一番得意な電撃魔法
「東大陸のゴブリンは、電撃耐性でもあるのか?」
魔法発動のための魔力コントロールは完璧だった。6年も修行したんだ、今さらそんな基本を誤るわけがない。
「清継様、大丈夫ですか?」
そう言いながら、優衣さんが俺を抱きしめる。
「俺の電撃魔法が……」
やや無理矢理、俺の顔に何か柔らかい膨らみを押しつけてくる優衣さん。
だが、『一撃必殺の電撃魔法が下級の妖魔に効かない』という事実は、俺が茫然とするさせるには十分過ぎる出来ごとだった。
「ちょっと、清継! 清継ってば! 優衣さんも何してるんですか!」
やや不機嫌そうな真の声で、やっと我に返る。
……今になって、顔に押し付けられているのが、優衣さんの大きな胸だと気付いた。
「うわぁっ!」
いろいろビックリして、無様に叫んでしまう。
「ちょっと、真さん。清継様が驚いてしまったではないですか」
いや、真が驚かしたわけじゃなく、あなたの行動に今さらながら驚いたんですが。
「それより清継。何か調子悪いの? 電撃魔法が効いてなかったみたいだけど」
真の何気ない質問に、心がえぐられる。
「違いますわ。清継様は完璧でしたわ。ただ、西大陸の精霊が悪いのです」
「えっ?! どういうことだ?」
優衣さんから思わぬ言葉が出る。精霊が悪い?! 西大陸に居た頃には、想像すら出来ない発想だ。
「清継様は、西大陸の精霊魔法を行使されました」
「あぁ、風の精霊『ジン』の力、サンダーボルトだ」
これは、修行時代に俺が一番多用した、最も得意な魔法。
魔法発動のための呪文の詠唱時間が比較的短く、射程と威力もそれなりにある。乱戦では使えないが、1対1の戦闘では非常に使い勝手の良い魔法の1つだ。
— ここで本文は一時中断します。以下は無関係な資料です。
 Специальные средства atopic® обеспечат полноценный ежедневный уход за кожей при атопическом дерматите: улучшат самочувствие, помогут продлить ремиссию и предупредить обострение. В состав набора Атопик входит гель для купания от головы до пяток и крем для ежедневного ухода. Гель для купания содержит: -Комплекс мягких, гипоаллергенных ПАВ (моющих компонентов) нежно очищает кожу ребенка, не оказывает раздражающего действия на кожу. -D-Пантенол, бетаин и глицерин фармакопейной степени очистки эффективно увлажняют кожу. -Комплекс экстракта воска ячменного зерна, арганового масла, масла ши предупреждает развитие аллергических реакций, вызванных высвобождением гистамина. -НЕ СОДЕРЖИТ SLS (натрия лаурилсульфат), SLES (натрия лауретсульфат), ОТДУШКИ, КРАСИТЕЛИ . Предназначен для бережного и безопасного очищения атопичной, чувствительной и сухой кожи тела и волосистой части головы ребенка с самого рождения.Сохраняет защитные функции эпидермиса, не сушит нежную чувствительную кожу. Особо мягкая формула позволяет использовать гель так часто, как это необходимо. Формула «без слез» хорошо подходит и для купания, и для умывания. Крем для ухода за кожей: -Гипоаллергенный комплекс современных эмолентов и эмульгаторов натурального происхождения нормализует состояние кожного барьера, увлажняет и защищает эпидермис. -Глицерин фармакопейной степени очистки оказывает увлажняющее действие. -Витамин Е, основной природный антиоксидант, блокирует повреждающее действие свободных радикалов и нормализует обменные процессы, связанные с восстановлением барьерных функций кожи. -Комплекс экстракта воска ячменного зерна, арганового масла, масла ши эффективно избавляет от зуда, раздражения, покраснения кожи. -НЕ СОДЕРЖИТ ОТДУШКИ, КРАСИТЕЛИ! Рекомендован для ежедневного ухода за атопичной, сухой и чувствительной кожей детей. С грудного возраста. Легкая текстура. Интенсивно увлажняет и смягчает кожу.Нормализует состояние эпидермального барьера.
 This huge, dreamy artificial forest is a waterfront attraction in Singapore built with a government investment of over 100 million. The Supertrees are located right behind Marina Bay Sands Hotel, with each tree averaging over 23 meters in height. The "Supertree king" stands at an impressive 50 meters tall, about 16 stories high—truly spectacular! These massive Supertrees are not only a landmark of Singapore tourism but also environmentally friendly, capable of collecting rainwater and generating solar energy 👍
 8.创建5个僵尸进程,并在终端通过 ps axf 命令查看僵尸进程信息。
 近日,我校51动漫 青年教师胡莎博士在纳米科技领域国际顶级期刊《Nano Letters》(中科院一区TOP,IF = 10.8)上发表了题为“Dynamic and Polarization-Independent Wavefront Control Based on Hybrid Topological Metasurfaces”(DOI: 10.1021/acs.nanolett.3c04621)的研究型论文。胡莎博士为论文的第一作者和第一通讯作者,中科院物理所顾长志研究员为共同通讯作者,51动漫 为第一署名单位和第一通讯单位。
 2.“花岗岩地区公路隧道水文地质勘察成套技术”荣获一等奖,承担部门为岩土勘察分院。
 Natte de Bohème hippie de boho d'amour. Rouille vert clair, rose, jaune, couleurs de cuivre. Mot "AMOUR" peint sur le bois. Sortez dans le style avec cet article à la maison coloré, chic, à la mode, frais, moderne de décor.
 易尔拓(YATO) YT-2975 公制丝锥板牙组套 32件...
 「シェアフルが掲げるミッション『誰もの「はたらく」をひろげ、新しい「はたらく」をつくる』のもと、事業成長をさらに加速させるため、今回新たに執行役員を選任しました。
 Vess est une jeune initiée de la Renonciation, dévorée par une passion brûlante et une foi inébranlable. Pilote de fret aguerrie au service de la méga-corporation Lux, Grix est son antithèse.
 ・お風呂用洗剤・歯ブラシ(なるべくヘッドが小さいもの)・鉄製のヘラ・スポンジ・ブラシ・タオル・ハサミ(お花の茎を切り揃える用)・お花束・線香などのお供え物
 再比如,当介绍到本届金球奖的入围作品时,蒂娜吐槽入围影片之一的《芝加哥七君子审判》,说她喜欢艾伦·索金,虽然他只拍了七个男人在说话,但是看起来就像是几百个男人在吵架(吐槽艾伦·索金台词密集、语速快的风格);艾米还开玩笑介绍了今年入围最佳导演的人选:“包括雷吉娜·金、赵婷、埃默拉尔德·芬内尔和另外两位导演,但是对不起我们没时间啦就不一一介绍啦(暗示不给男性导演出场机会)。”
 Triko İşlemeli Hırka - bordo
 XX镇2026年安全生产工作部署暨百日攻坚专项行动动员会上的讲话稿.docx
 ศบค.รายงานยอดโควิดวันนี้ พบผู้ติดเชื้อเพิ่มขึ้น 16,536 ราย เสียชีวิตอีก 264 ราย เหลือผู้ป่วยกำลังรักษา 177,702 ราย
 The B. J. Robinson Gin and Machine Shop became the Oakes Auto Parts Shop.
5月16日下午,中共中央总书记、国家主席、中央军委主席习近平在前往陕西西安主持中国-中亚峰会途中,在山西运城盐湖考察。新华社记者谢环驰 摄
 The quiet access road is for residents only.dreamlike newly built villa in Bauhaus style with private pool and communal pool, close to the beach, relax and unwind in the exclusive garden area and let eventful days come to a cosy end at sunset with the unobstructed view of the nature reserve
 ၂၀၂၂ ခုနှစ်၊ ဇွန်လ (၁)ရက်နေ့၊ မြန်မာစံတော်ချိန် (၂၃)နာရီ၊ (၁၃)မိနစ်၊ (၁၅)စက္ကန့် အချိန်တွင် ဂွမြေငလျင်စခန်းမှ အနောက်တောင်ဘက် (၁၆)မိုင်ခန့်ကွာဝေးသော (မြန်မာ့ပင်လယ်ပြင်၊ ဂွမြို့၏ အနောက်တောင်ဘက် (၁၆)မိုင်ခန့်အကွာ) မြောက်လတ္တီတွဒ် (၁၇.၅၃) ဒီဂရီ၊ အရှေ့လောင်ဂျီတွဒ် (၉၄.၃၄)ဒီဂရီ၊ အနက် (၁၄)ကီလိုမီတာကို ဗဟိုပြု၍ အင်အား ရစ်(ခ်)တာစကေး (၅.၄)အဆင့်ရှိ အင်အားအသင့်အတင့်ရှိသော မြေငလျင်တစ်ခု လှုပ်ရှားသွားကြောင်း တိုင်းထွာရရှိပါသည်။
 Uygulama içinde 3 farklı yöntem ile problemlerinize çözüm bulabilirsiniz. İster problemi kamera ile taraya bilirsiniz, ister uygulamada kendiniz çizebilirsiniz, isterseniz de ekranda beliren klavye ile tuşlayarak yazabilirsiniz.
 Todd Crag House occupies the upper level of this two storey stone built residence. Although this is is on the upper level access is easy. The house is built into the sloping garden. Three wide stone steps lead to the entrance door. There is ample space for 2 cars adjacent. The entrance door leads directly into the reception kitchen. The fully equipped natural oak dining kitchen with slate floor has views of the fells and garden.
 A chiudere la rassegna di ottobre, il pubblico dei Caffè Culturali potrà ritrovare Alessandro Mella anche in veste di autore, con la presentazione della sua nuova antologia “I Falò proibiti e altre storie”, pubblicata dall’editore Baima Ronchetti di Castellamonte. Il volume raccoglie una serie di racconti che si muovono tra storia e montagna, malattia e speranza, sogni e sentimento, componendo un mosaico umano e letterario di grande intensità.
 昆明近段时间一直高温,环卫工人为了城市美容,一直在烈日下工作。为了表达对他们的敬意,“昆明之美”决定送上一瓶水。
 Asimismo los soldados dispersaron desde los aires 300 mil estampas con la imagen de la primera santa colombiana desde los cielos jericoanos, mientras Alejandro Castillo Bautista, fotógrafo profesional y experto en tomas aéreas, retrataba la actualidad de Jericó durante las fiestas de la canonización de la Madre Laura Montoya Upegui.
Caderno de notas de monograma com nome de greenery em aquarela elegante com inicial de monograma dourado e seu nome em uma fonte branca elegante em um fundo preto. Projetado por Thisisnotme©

「清継様。残念ながら、その精霊はこの東大陸には居りません」
「……それは、つまりどういうことだ?」
「魔法自体は発動いたしましたが、東大陸では精霊の力が微弱なため、本来の威力が出ないのではないかと」
まさか、西の地水火風の考え方と、東の木火土金水の考え方の差がこんな形で現れるとは思ってもみなかった。
ならば――俺は実験のため、長い呪文を唱え出す。
「フローズンプラネット!」
水の精霊『フラウ』の力を借りた、上位の氷結魔法の1つ。
俺が使える水の魔法の中では最も高位で、術者の辺り一面を氷の大地で覆いつくす。
が、氷が現れたのは、俺の周囲30センチ程度。しかも氷が薄く、踏んだらパキッと割れてしまった。
「……マジか」
西と東で共通している『水』の魔法を使用してみたが、どうやら基本的に何かが違うらしい。
「俺の修行の6年間って一体……」
「あぁっ、清継様。落ち込まないでください」
思わず地面に両手両膝をついてしまった俺に、優衣さんが覆いかぶさる。
後頭部に柔らかい膨らみを感じるが、どうでもよくなった。
「大丈夫です。魔法自体を失ったわけではありません。ただ、ちょっと効力が弱まっているだけです」
「まぁ、戦闘には使えないけどね」
ぐしゃっ
真の一言が止めとなり、俺は地面に突っ伏した。